WHAT THE TASK ASKS | There should be no pictures in your answer, only an exact copy of the lines from the one with "Ob Tagungspauschalen mit" through the end of the material.

::: INFORMATION SHOWN :::

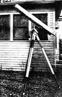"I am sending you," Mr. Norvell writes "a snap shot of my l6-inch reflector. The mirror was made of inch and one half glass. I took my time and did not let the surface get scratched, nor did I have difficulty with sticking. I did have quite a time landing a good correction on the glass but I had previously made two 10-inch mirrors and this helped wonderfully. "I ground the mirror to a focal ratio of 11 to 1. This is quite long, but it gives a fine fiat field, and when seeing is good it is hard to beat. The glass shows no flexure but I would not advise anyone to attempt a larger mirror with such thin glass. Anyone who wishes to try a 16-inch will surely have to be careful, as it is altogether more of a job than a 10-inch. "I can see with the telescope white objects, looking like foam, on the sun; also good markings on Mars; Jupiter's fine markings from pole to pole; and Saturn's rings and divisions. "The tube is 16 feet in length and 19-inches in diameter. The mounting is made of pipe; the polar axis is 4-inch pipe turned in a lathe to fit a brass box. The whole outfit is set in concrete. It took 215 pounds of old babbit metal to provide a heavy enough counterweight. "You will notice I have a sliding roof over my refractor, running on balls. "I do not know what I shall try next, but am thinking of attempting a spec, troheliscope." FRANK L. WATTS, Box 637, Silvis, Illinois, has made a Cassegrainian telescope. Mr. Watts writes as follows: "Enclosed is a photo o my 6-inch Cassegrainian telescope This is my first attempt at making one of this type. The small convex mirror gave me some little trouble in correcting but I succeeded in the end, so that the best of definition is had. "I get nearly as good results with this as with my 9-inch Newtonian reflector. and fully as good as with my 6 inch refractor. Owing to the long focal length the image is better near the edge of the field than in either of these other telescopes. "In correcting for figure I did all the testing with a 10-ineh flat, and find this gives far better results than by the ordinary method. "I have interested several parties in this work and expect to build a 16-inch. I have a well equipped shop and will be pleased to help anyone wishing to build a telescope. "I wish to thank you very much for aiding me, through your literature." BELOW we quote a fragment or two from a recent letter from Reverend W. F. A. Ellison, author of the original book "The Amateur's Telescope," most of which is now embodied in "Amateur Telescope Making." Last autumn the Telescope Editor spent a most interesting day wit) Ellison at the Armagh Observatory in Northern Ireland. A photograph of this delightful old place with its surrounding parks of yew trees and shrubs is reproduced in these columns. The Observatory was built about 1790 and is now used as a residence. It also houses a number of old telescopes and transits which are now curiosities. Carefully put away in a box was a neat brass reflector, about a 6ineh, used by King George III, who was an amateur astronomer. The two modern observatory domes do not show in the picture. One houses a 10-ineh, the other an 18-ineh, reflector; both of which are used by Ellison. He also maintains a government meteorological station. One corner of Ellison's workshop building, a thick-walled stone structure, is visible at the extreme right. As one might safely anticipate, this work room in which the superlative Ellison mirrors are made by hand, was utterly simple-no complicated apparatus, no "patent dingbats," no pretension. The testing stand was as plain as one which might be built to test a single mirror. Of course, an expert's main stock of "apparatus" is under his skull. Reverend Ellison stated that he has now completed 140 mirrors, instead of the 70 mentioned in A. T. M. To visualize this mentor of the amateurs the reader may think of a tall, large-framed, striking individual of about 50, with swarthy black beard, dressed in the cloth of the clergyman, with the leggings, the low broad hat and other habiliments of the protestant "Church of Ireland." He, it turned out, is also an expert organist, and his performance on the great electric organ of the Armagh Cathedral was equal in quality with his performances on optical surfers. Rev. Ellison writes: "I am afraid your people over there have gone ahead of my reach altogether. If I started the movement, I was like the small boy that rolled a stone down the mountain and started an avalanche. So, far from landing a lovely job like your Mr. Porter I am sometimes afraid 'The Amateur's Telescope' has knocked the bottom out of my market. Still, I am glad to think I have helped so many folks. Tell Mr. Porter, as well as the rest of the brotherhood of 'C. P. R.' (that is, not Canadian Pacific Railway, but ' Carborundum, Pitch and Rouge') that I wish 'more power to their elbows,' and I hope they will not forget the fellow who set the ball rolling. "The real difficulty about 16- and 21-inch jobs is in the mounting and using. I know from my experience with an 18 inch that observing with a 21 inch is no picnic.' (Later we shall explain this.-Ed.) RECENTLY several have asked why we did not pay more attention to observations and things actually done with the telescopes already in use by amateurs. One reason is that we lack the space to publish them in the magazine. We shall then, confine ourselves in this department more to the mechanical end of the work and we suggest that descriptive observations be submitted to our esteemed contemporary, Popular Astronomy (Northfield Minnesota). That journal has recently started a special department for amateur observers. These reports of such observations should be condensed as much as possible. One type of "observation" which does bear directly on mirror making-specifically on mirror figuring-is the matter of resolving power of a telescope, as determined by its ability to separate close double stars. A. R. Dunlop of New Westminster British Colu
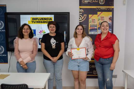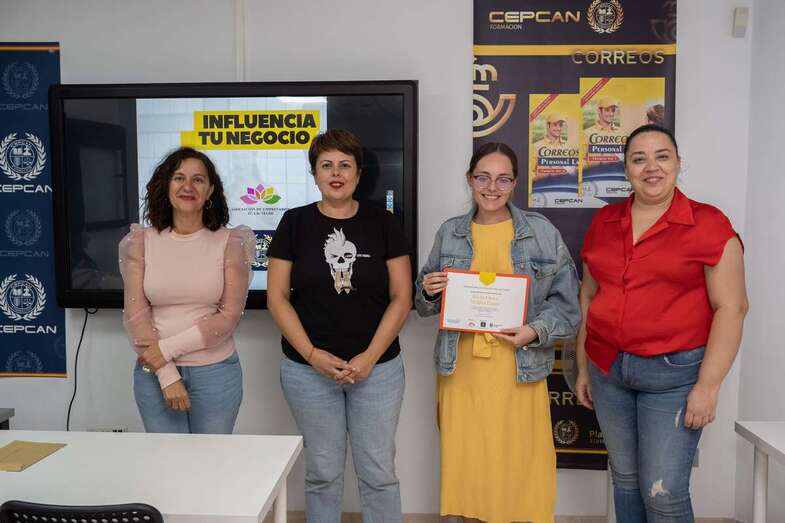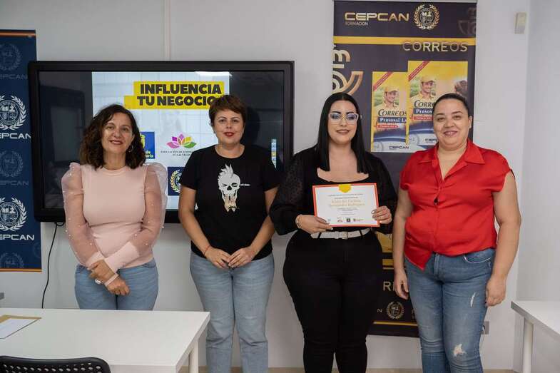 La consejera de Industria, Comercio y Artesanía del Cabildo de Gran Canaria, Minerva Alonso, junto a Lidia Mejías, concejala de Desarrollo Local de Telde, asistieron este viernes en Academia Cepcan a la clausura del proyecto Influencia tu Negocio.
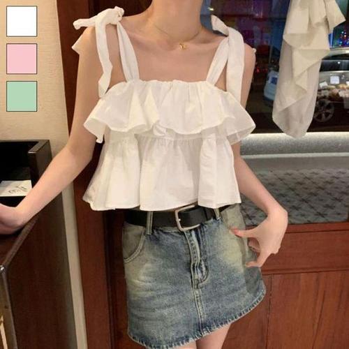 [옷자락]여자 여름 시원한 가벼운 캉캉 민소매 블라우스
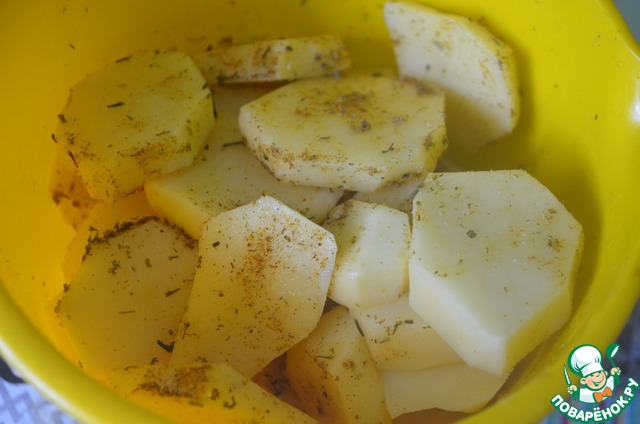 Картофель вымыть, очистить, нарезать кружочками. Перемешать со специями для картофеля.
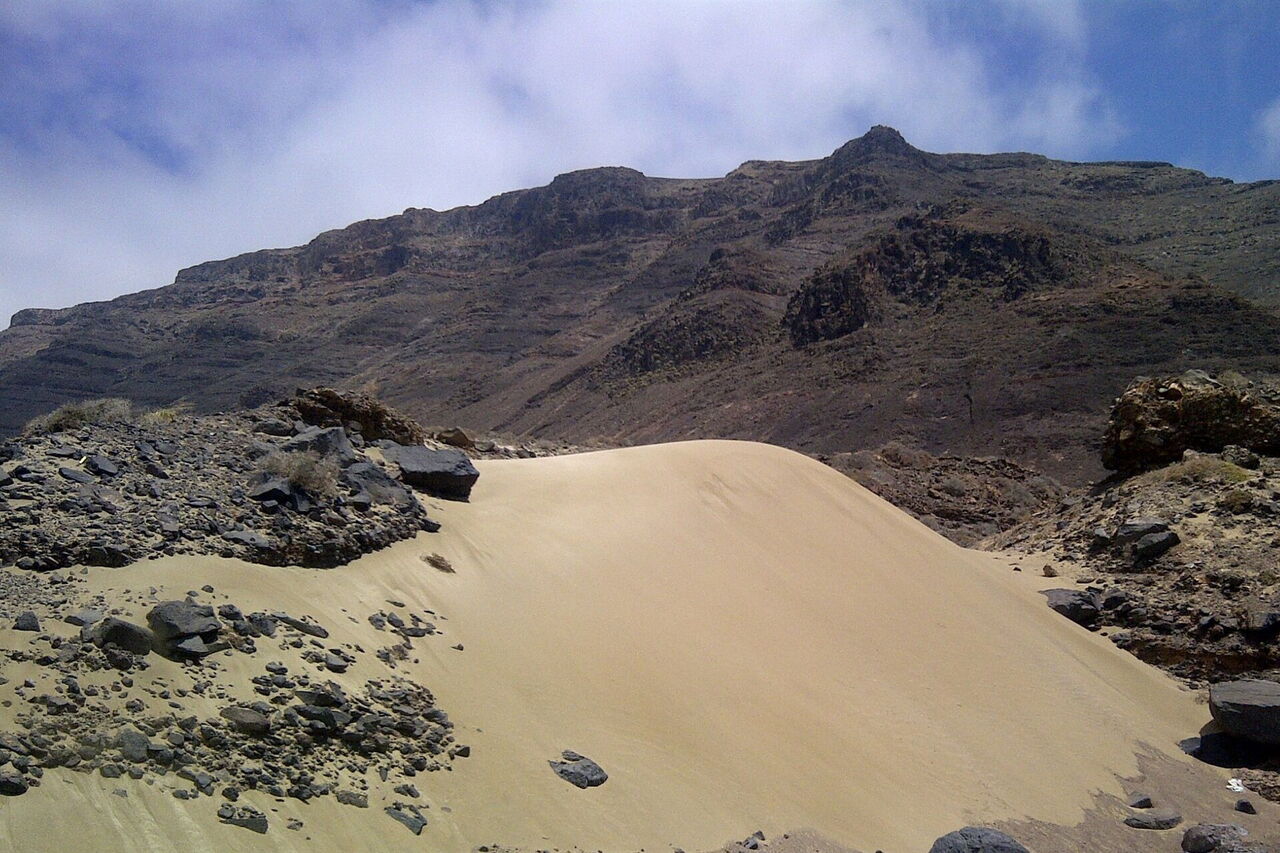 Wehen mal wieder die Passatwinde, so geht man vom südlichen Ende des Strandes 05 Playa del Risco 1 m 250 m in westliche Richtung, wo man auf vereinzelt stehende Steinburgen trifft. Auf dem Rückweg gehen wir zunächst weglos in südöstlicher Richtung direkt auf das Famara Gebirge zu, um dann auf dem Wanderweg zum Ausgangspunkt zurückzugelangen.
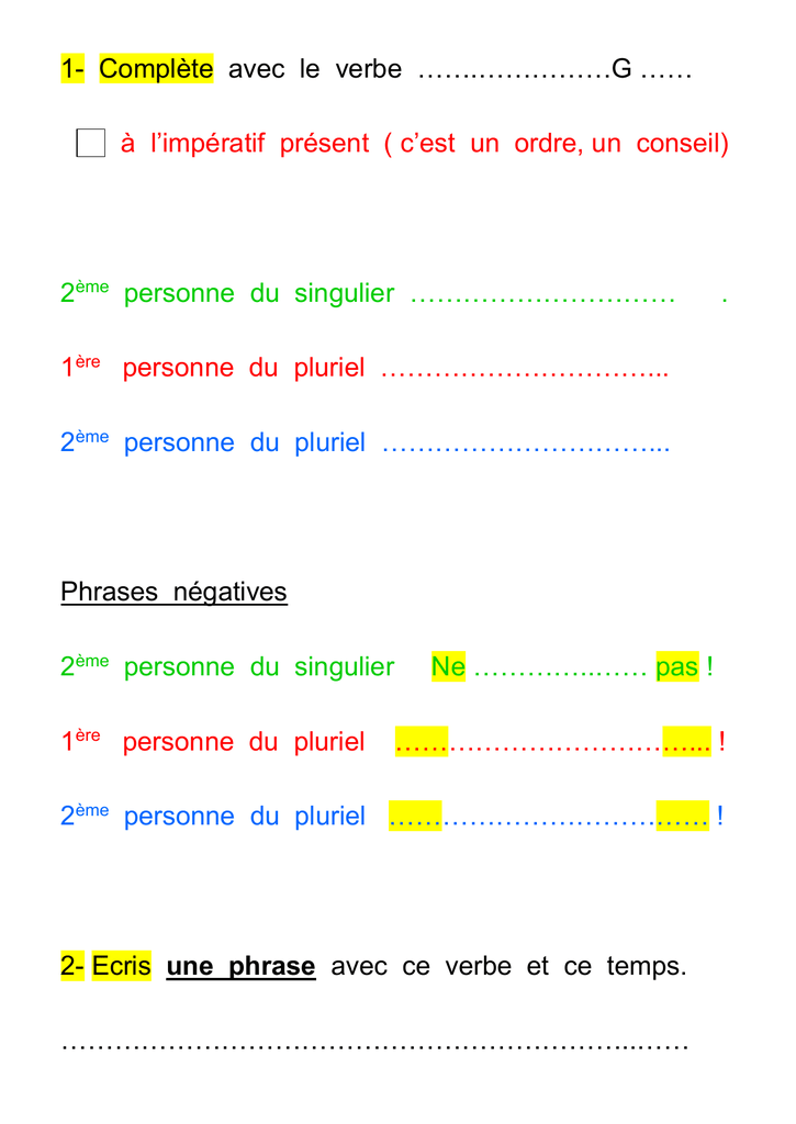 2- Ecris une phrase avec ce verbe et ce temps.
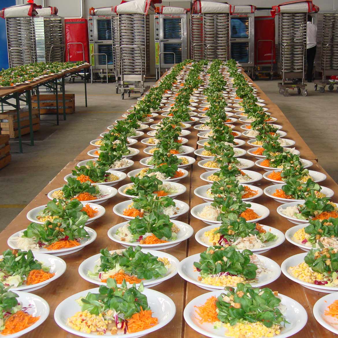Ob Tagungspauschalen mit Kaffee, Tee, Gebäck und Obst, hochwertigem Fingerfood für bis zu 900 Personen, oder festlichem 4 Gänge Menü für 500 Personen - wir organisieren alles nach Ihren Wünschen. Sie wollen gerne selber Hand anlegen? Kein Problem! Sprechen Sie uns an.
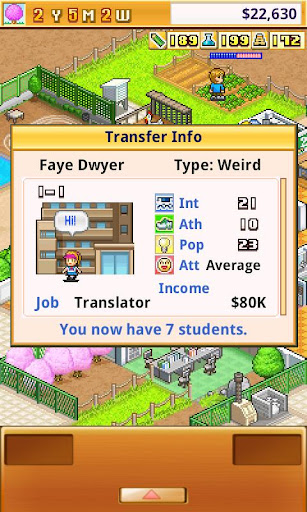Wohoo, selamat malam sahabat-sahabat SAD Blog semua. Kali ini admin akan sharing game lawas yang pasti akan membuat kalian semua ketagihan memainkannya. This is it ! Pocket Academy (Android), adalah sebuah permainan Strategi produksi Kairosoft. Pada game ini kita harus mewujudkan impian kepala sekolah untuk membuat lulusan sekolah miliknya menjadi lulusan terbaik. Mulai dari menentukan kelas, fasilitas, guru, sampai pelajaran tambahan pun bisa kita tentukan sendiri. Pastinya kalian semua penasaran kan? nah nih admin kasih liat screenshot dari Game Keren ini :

:::

RESULT FOR THIS EXERCISE |
Ob Tagungspauschalen mit Kaffee, Tee, Gebäck und Obst, hochwertigem Fingerfood für bis zu 900 Personen, oder festlichem 4 Gänge Menü für 500 Personen - wir organisieren alles nach Ihren Wünschen. Sie wollen gerne selber Hand anlegen? Kein Problem! Sprechen Sie uns an.
Wohoo, selamat malam sahabat-sahabat SAD Blog semua. Kali ini admin akan sharing game lawas yang pasti akan membuat kalian semua ketagihan memainkannya. This is it ! Pocket Academy (Android), adalah sebuah permainan Strategi produksi Kairosoft. Pada game ini kita harus mewujudkan impian kepala sekolah untuk membuat lulusan sekolah miliknya menjadi lulusan terbaik. Mulai dari menentukan kelas, fasilitas, guru, sampai pelajaran tambahan pun bisa kita tentukan sendiri. Pastinya kalian semua penasaran kan? nah nih admin kasih liat screenshot dari Game Keren ini :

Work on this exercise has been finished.